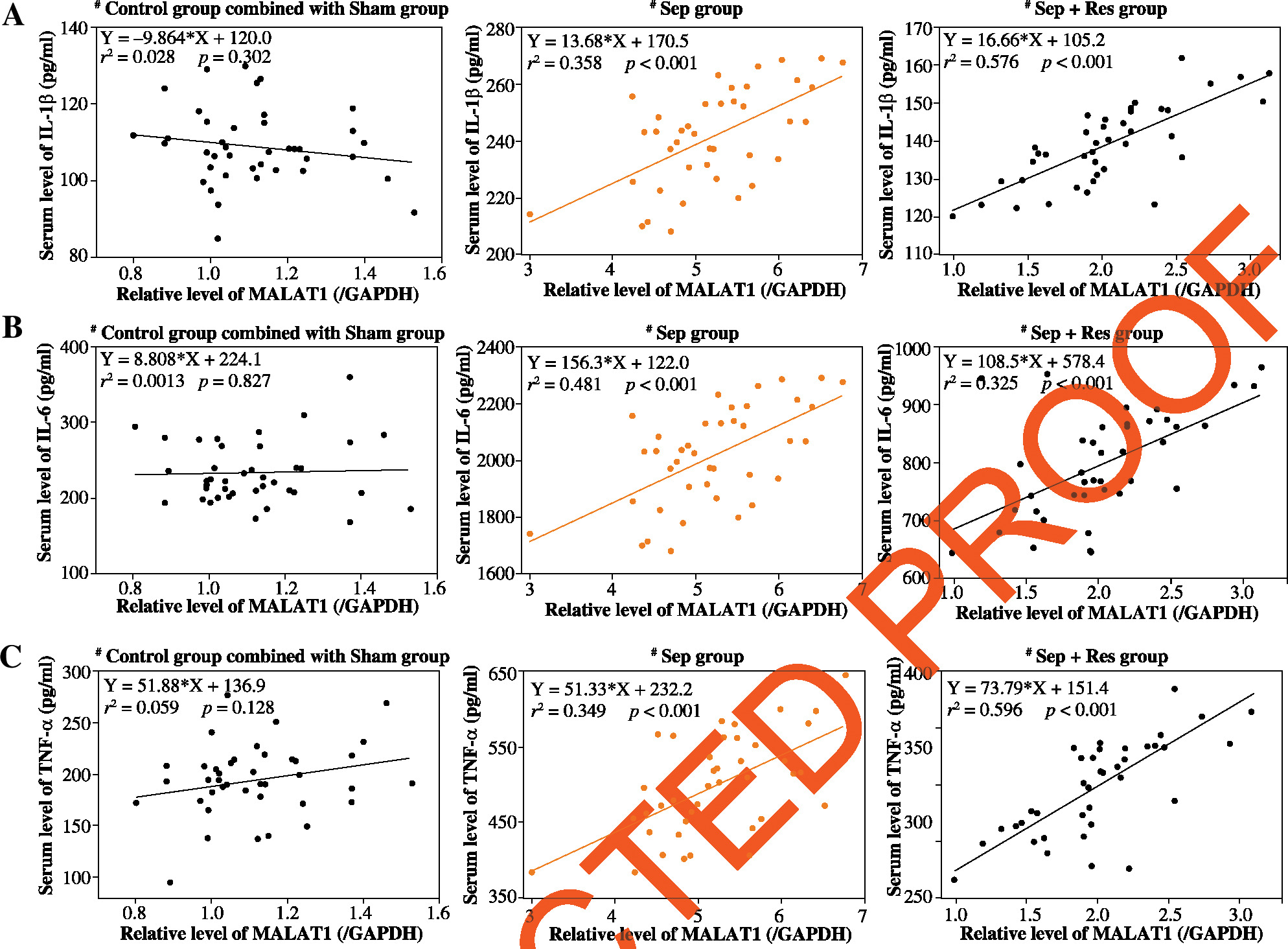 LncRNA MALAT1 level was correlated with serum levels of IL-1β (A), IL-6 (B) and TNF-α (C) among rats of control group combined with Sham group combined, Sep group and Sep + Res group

====================

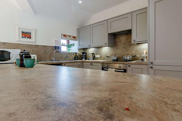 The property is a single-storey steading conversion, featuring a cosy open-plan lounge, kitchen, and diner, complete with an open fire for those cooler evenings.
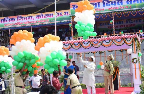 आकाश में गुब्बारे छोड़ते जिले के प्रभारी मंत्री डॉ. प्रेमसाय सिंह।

====================

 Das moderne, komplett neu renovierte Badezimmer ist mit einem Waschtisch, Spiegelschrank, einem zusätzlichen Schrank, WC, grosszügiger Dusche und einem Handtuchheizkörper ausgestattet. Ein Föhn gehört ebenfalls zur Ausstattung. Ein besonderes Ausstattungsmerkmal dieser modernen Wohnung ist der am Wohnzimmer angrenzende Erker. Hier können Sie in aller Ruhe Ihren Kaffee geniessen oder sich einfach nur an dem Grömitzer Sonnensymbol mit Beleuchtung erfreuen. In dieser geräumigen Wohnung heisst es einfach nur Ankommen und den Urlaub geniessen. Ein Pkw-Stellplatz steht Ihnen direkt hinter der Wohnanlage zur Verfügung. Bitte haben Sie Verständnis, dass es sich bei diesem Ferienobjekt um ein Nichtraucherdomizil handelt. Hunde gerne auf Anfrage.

====================

PROBLEM DETAILS:
Write down exactly what the lines above say, from the line holding "The property is" through the line holding "आकाश में गुब्बारे", and nothing more. Do not copy the pictures.

TASK SOLUTION:
 The property is a single-storey steading conversion, featuring a cosy open-plan lounge, kitchen, and diner, complete with an open fire for those cooler evenings.
 आकाश में गुब्बारे छोड़ते जिले के प्रभारी मंत्री डॉ. प्रेमसाय सिंह।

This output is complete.